自働化(self-worked)とは、これまで行ってきた工場での人の「作業」を機械に置き換える自動化(automatized)から、人の「働き」を機械に置き換える事です。一般的に「人偏のついたジドウカ」と呼び、従来の自動化とは区別しています。主に機械や品質、ライン・工程の異常を自律的に判断して設備を止めることを意味します。
筆者は仕事柄日本の製造業の現場を見学する機会が多いのですが、かつて(80年代)と比べて、この自働化が進んでいる工場が多くなったことに驚かされます。ある日、生産ラインで、機械が異常を察知してラインを止めた事象に遭遇しました。その時、工場の担当者は慌てることなく、冷静に対処して事なきを得ました。かつては、ラインが止まると現場は大慌てして、その原因が究明されるまで生産が止まることがよくありました。それが、機械が「自分で」異常を察知し、ことが重大になる前に知らせてくれるのです。
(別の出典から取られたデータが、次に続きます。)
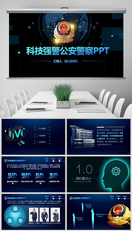 蓝色科技公安警察特警武警网络民警PPT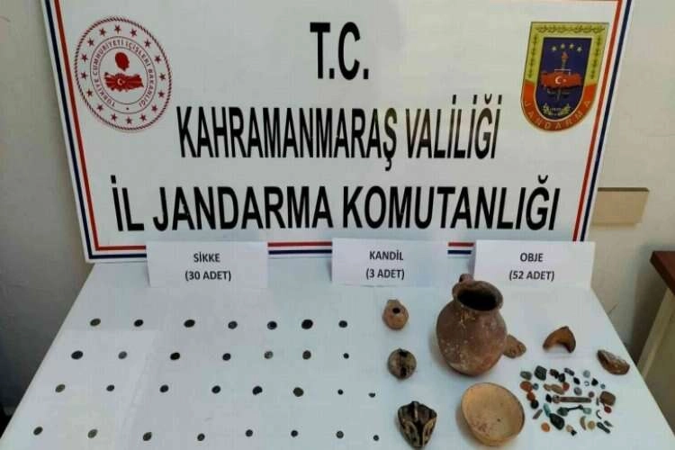 İl Jandarma Komutanlığı İstihbarat Şube Müdürlüğü ekipleri, aldıkları duyum üzerine Türkoğlu ilçesi, Ceceli Mahallesi yol kontrol noktasında bir aracı durdurarak arama yaptı. Aramada, 30 adet Roma dönemine ait olduğu değerlendirilen sikke, 3 adet kandil, 52 adet obje olmak üzere toplam 85 adet tarihi eser niteliğindeki obje ele geçirildi. Olayla ilgili M.Ç. (52) hakkında adli işlem başlatıldı.

自働化が進みますと、人間の知的能力と機械の計算力を組み合わせ、より複雑な課題に取り組むことが可能ですので、時間的な余裕ができます。とくに現場の監督者は、より付加価値の高い仕事にその時間を振り向けることができ、職場全体の生産性の向上が期待できます。コストの削減により利幅が確保でき、ひいてはその分の付加価値を賃金上昇に向けることも可能となるのです。
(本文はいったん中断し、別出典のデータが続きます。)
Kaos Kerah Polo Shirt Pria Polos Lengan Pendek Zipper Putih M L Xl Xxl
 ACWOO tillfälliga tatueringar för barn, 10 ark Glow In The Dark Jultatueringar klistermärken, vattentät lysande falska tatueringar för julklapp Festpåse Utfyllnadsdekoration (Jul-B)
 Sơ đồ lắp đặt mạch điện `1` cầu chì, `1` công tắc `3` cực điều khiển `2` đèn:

自働化を進める際には、自社の方向性に沿った将来を見据えた設備投資が必要です。そしてその方向性を決めるのは、自社にどのような人事・賃金の仕組みを導入するか等の場合と同じく、企業トップの役割です。自動化から自働化へのシフトは、今後の働き方改革にはなくてはならないものといえるでしょう。
一方、自働化を進める上では、AIやロボットの進化と同様の課題が生じます。企業は労働者に対して、労働市場の変化に対応する高度な知識の習得、スキルアップ等、再教育の機会を与えることが求められるのです。